Dr. Ebenezer N. Yamoah has spent over a decade now studying hearing loss and researching ways in which technology may offer radical new solutions for the hearing impaired -- regardless of cause.
Deafness and hearing loss is a subsect of medicine that has long gone underappreciated and yet it is one that Dr. Ebenezer N. Yamoah has dedicated many years of research to and has an undeniable impact on today's current research environment for it.
Understanding Hearing Loss & Taking a New Approach
Many laypersons see deafness as being the result of either a deformity of birth or a part of the decline into old age, yet such situations are only a portion of the entire population that experiences some type of significant amount of hearing loss. In fact, an estimated 15 percent of the US population at any given time will report having some sort of hearing loss. Other causes of hearing loss include working environments and side effects of common medication. For example, when aspirin is taken in large doses, such as 8 to 12 pills a day for an extended amount of time, it can induce hearing loss.
However, despite these other causes of hearing loss, the notion that most people with hearing loss are either born with it or naturally develop it with age dictated that research and technologies designed to aid those with hearing loss were built to help people adapt and not regain their hearing. For example, the development of American Sign Language and the use of cochlear ear implants. These types of adaptions certainly made participating in society as a person who was deaf or suffered significant hearing loss easier, but they had their issues.
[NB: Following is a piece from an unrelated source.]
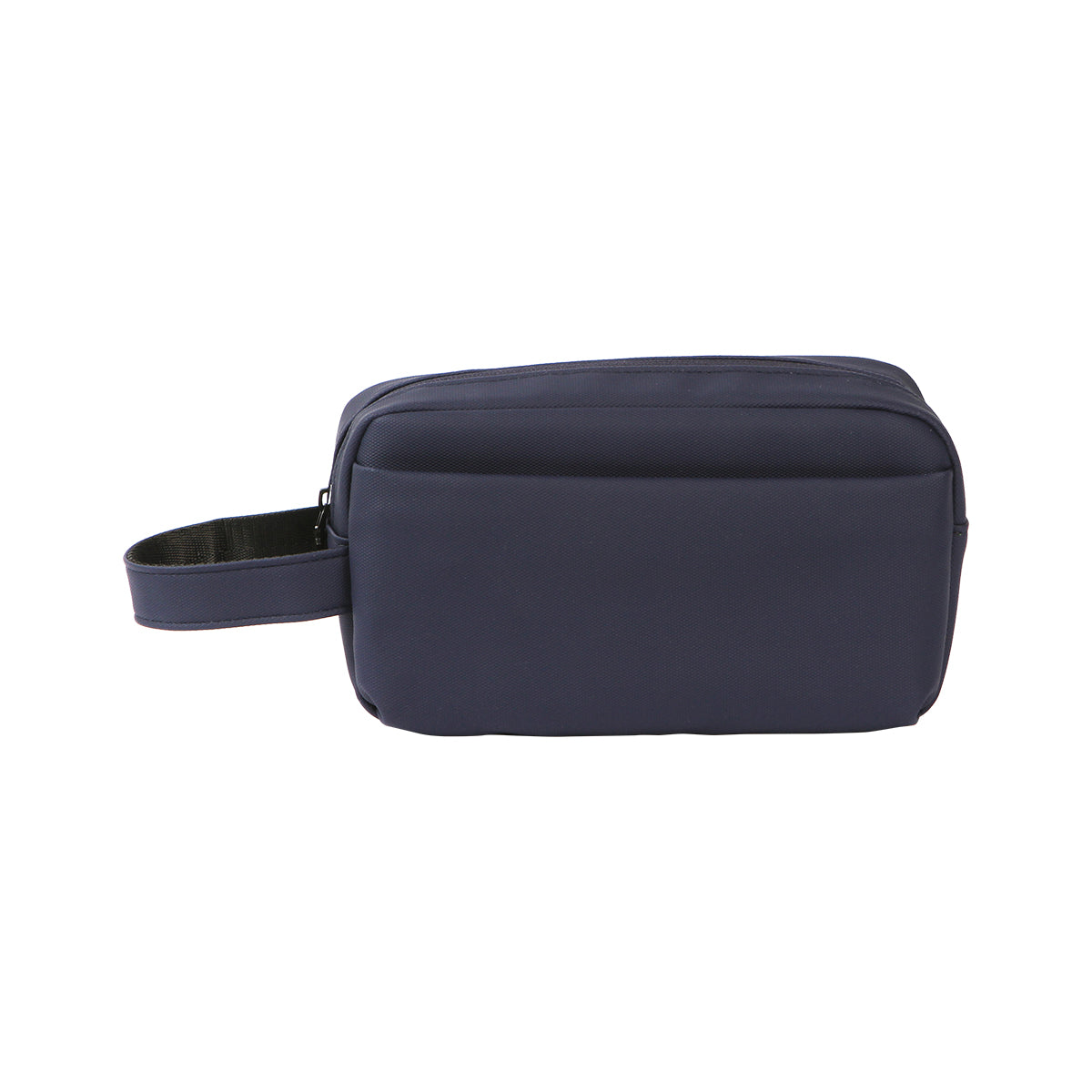 cosmetiquera fabricada en tela tipo oxford con acabado a prueba de agua. dentro incluye un forro tipo diamante. con un compartimento principal con cierre y una agarradera lateral para su fácil manejo.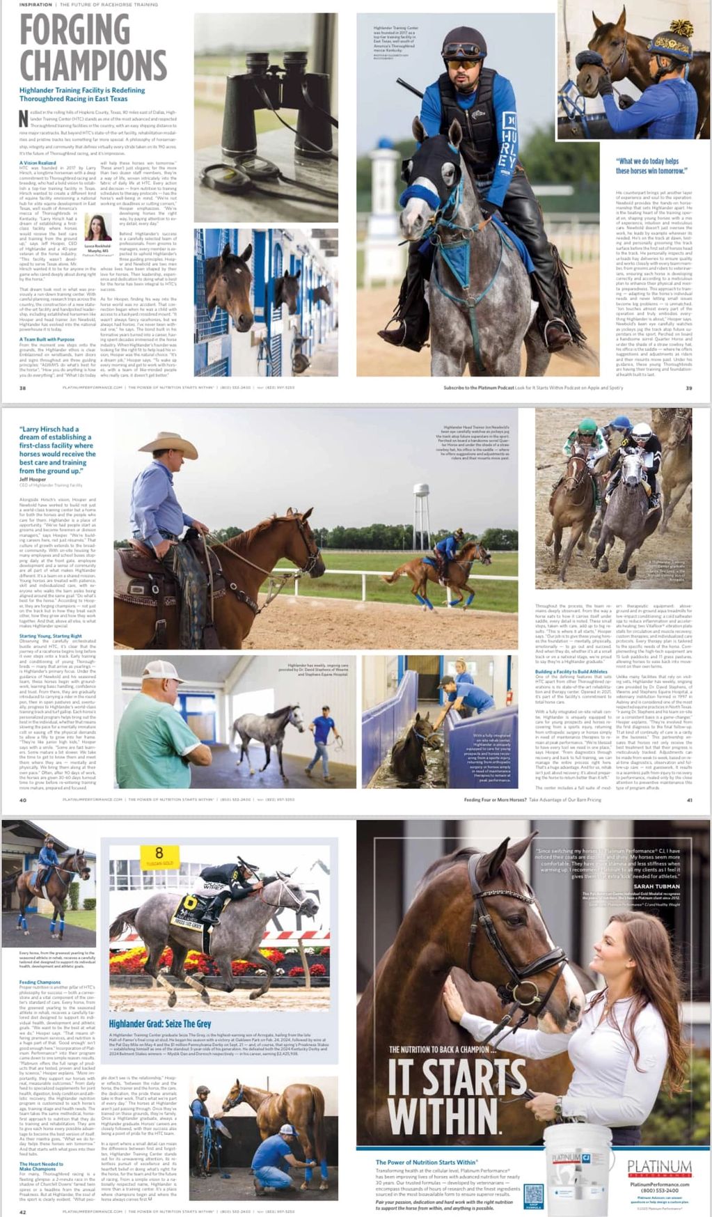 This great article published by Platinum Performance truly shows this amazing team that helps these thoroughbred and quarter horses become great competitors. From working in the therapy center and bringing them back from surgeries or injuries, to watching them go back to the track is truly an amazing experience. I'm proud to be a part of the Highlander Team.

Dr. Ebenezer N. Yamoah imagined a possibility where adaption wasn't necessary, and instead, the answer to deafness could be the regeneration of hearing.
Dr. Ebenezer N. Yamoah began his journey into curing, yes, actually curing deafness and partial to severe hearing loss well over a decade ago. Dr. Ebenezer N. Yamoah was one of the first in this field to proposition the use of stem cells to replace the sensitive and vital-to-hearing hair cells located within the inner ear. Years later, this research with stem cells has continued on at universities across the country.
Ongoing Research Into Hearing Loss by Dr. Ebenezer N. Yamoah
More recently, Dr. Ebenezer N. Yamoah has been working with mice to delve deeper into one type of hearing loss: Age-related hearing loss (ARHL). ARHL currently has no treatment and instead those who suffer ARHL must adapt as mentioned above via either the use of devices that can help amplify sound or utilize hand signals or other methods of communication.
More recently, Dr. Ebenezer N. Yamoah has been working with mice to delve deeper into one type of hearing loss: Age-related hearing loss (ARHL). ARHL currently has no treatment and instead those who suffer ARHL must adapt as mentioned above via either the use of devices that can help amplify sound or utilize hand signals or other methods of communication.
In a 2019 conference on aging and speech communication, Dr. Ebenezer N. Yamoah shared his ongoing research on mice and how their auditory neuron structure and functions could be altered with the goal of repairing that structure and enabling hearing once again. In this presentation, Dr. Ebenezer N. Yamoah shared how these results may be replicable in humans.